Skills are like the plants in your garden. They are ever changing to fit your environment. I always have a garden plan (and read tons of gardening books), but my plan is also 100% flexible. There are some plants that are a natural fit and you know you want to grow them like my peonies and hydrangeas. But admittedly, I’ve killed off a lot of lavender which doesn’t do well in my claylike Connecticut soil. I’ve made adjustments.
I tend to invest in seeds and bulbs – but you never know if they pay off. (I’m an entrepreneur.) Often they don’t – but when they do they can be spectacular. I like the risk taking and find it worthwhile to take chances in my garden. My business plan, not surprisingly, is largely opportunistic, subject to new plantings and multiple pivots.
What kinds of seeds, bulbs and plants are you planting in your garden career?
5. Water, compost, fertilizer, and maintenance are key to ongoing success.
Now, what are you doing to support the ongoing health of your plants? Are you watering often? My sprinkler system (like my MBA) was a major investment. Are you composting? Now there’s a good career analogy. Can you take the scraps of a former time and recycle them in a new and positive way? Imagine that former boss in the compost heap as you recycle what you learned. What’s in the compost pile ready for a healthy new relationship?
And how are you fertilizing your garden with ongoing new relationships that strengthen you bed? How are you introducing new elements into your garden with the right balance of nutrients may prove critical to future growth?
6. Weeding, thinning, and pruning are critical to the process.
I hate to pull and thin plants that are no longer useful or getting in the way of future growth. I tend to save plants that others would readily yank. I have a large hyssop now growing in my garden. I need to pull it as it has taken over a border. I have some spectacular milkweeds which have been home to our yard’s monarch butterflies – but they are tall and now in the wrong place. Are you weeding – or moving things to their proper place?
What gets in the way of your future career growth? It may be relationships, a toxic work culture, or a dysfunctional team. Learn what must be yanked, pruned, or weeded to grow your career garden.
7. Appreciate and have gratitude for things that do succeed – and let go of those that do not.
In a garden, celebrating the small victories can keep us going. My hydrangeas are spectacular this year, as is my butterfly garden.
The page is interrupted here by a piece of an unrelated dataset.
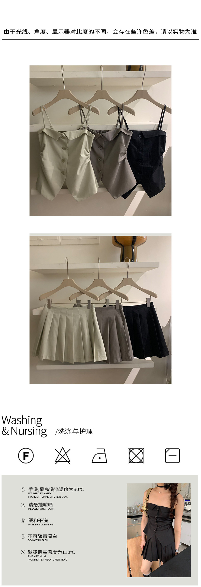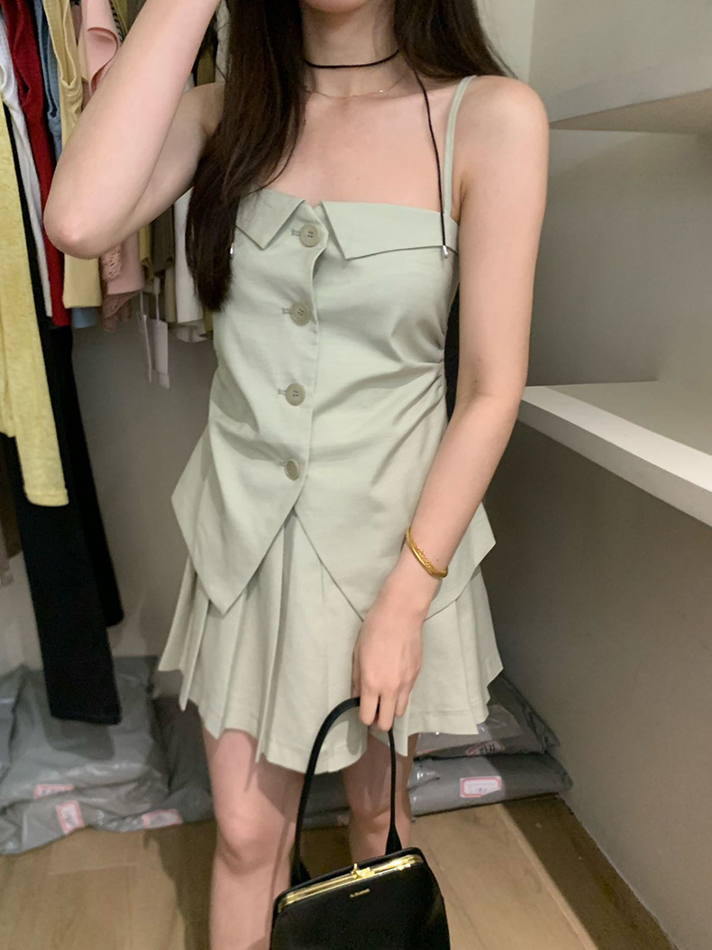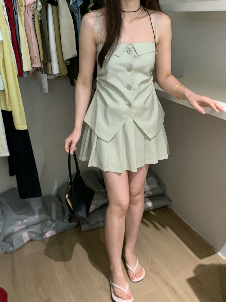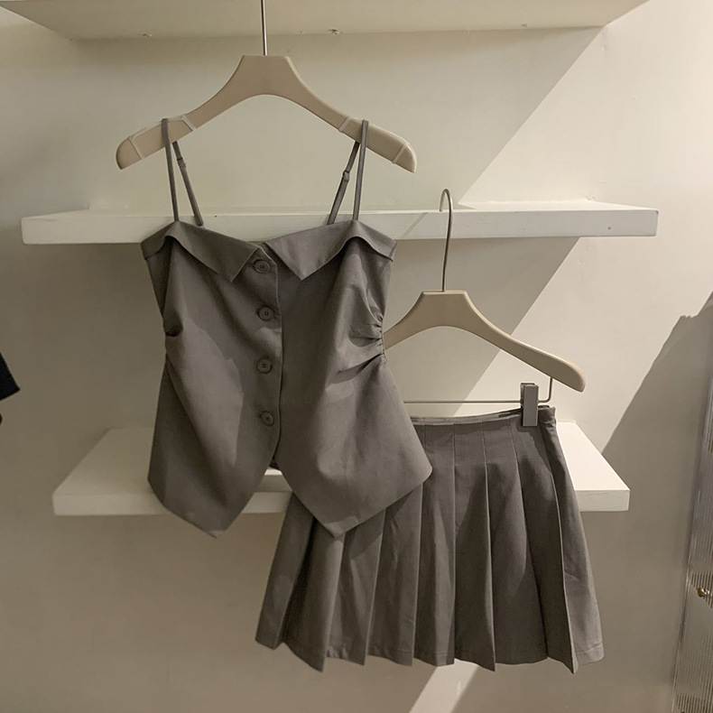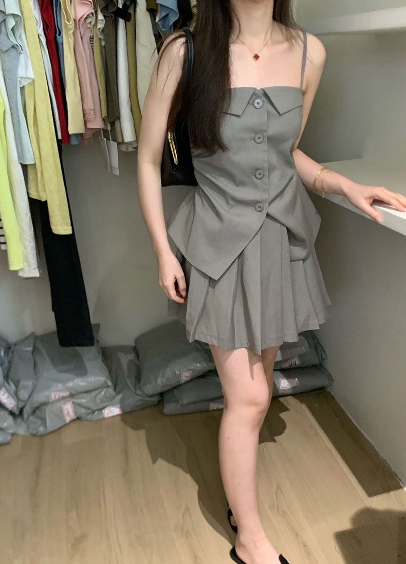 2025夏季设计感辣妹吊带+百褶短裙套装A3440+A3441 投诉

And I’ve managed to grow some tasty tomatoes and peppers celebrated every night in our family dinners. Likewise, I’ve been happy with many of this year’s career accomplishments tied to my executive peer council and research. What are you celebrating and grateful for in your career? Is it colleagues, clients, teammates, publications?
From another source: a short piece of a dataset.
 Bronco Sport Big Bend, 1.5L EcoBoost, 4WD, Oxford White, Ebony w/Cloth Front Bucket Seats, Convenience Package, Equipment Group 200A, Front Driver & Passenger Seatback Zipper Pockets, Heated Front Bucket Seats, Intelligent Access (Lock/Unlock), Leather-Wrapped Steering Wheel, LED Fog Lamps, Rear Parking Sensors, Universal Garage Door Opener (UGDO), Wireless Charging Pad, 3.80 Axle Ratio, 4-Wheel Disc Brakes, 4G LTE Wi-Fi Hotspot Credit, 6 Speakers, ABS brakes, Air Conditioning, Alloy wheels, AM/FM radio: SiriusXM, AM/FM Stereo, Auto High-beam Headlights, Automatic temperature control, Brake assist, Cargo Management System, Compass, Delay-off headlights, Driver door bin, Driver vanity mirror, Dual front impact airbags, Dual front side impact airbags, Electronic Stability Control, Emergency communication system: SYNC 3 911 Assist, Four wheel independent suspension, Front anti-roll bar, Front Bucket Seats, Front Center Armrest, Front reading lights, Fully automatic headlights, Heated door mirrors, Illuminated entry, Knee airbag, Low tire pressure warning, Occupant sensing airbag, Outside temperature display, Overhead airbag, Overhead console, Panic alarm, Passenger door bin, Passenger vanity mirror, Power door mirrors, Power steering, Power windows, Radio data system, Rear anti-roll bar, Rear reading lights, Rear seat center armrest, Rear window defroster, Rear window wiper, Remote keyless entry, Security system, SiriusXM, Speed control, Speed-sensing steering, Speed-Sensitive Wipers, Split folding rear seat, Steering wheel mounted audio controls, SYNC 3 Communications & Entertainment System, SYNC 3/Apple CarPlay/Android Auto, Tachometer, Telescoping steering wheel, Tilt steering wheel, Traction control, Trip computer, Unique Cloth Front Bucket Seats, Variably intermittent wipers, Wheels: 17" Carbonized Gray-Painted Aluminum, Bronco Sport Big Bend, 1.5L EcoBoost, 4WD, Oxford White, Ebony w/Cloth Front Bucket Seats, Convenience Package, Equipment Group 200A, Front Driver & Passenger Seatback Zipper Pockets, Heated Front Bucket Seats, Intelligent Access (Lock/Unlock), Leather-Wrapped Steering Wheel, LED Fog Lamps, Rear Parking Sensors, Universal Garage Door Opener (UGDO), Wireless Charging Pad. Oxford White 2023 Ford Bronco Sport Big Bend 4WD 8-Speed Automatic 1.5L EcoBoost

On the other hand, my zucchinis are not doing so well – turns out I only have boy zucchinis in my garden. Who knew that zucchini and squash are male and female? (Not me until this year). Most likely it’s because we have had so little sun, not enough fertilizer, and too much water. Girl zucchini require more energy (nutrients and sun) to produce the fruit. You may identify with girl zucchini and cucumbers who require more sunshine to get the job done? I do. What are you appreciative for? And where do you have only boy zucchinis – and not enough sunshine to grow?
8. Working your garden – like your career - is an ongoing job.
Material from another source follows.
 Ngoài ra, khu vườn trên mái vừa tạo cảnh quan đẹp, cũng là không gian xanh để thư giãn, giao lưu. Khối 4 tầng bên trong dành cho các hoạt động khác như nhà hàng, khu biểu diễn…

Working a garden – like working a career - is a lot of work. At times that work feels aligned with your passion, your plan, your instincts, your interests. And at times, it does not. There are always surprises. Like in a garden, we must continue in our careers to adjust and adapt to make use of what nature has provided us. We must act into the opportunities that present themselves. As I said, it’s your garden and career to grow.
And while others may have better looking gardens, I’m still enjoying my unique garden. It’s mine and mine to grow. I’ve nurtured its beauty and suffered its losses. I’m getting my hands dirty and investing my time and passion. And I’m still chasing that elusive green thumb.